Int J Biochem Cell Biol. 2002 Nov;34(11):1496-501. doi: 10.1016/s1357-2725(02)00039-0.
The RecQ family of DNA helicases have potential roles in DNA repair, replication and/or recombination pathways. In humans, a defect in the RecQ family helicases encoded by the BLM, WRN and RECQ4 genes gives rise to Bloom's (BS), Werner's (WS) and Rothmund-Thomson (RTS) syndromes, respectively. These disorders are associated with cancer predisposition and/or premature aging. In Bloom's syndrome, affected individuals are predisposed to many types of cancer at an early age. Werner's syndrome is a premature aging disorder with a complex phenotype, which includes many age-related disorders that develop from puberty, including greying and thinning of the hair, bilateral cataract formation, type II diabetes mellitus, osteoporosis and atherosclerosis. The phenotype of Rothmund-Thomson syndrome patients also consists of some features associated with premature aging, as well as predispositon to certain cancers. Here, we discuss the molecular basis of these RecQ helicase-deficient disorders.

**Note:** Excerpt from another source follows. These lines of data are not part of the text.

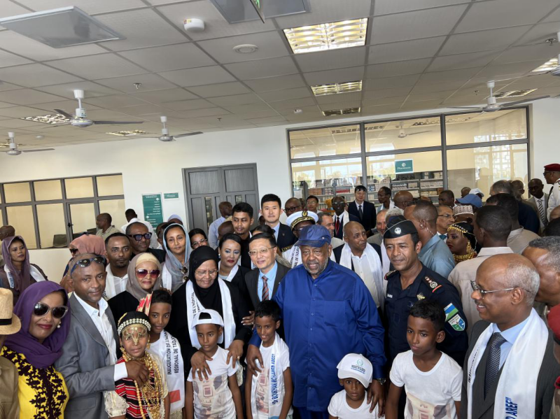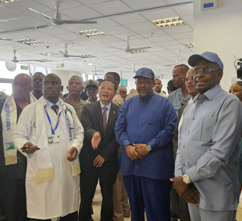 2024年12月15日,驻吉布提大使胡斌陪同吉总统盖莱出席我援建的塔朱拉医院项目揭幕仪式,吉总理、议长、卫生部长及塔朱拉州负责人等共同出席。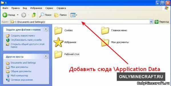 Открываем папку пользователя и вписываем в адресную строчку Аррlication dаtа, должно получится С:\ Dосumеnts аnd sеttings\Имя пользователя\Аррlication dаtа: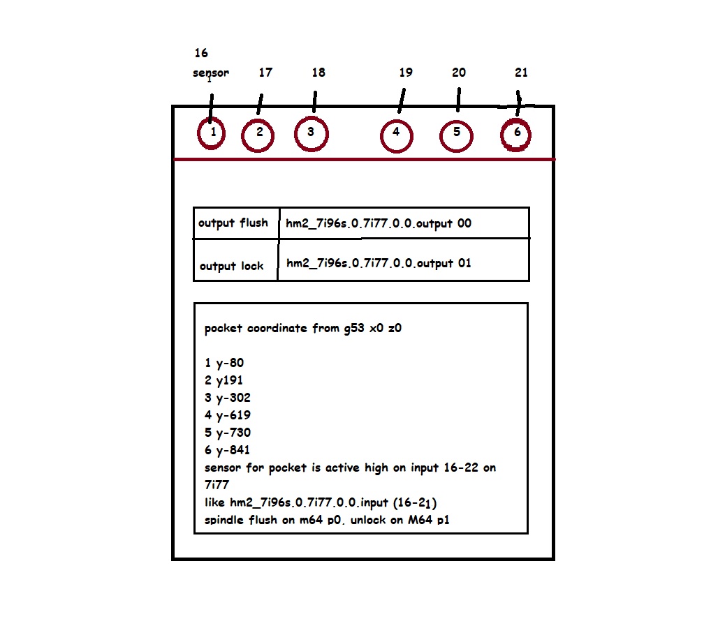 I installed the homing, the remap for racktoolchange based on the example does not work for me, it throws out some errors, if there is someone more expert, I will send the files and errors so that he can establish it, the change system is very simple, I have 6 pockets, two outputs that I connected to the hal and which work in mdi, one for tightening and releasing the tool, the other for locking... I have on each pocket an input for the inductive sensor that the tool is in the pocket, I have positions where x0 and six of the y position of the tool and the change is works on z-120mm from G53. thanks in advance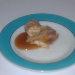 2In a separate bowl, mix together 1/3 cup of white sugar, 1 teaspoon of cinnamon and cream cheese until smooth. Mix in the vanilla and caramel ice cream topping, then fold in the apples. Lay out the egg roll wrappers on a clean surface. Place 3 tablespoons of filling onto the center of each one. Mix together the cornstarch and water; brush the edges of the egg roll wrappers. Roll up according to package directions.

DNA解旋酶RecQ家族在DNA修复、复制和/或重组途径中具有潜在作用。在人类中,由BLM、WRN和RECQ4基因编码的RecQ家族解旋酶缺陷分别导致布卢姆综合征(BS)、沃纳综合征(WS)和罗思蒙德-汤姆森综合征(RTS)。这些疾病与癌症易感性和/或早衰有关。在布卢姆综合征中,受影响的个体在早年易患多种癌症。沃纳综合征是一种具有复杂表型的早衰疾病,包括许多从青春期开始出现的与年龄相关的疾病,如头发变白和变稀、双侧白内障形成、II型糖尿病、骨质疏松症和动脉粥样硬化。罗思蒙德-汤姆森综合征患者的表型也包括一些与早衰相关的特征,以及对某些癌症的易感性。在此,我们讨论这些RecQ解旋酶缺陷疾病的分子基础。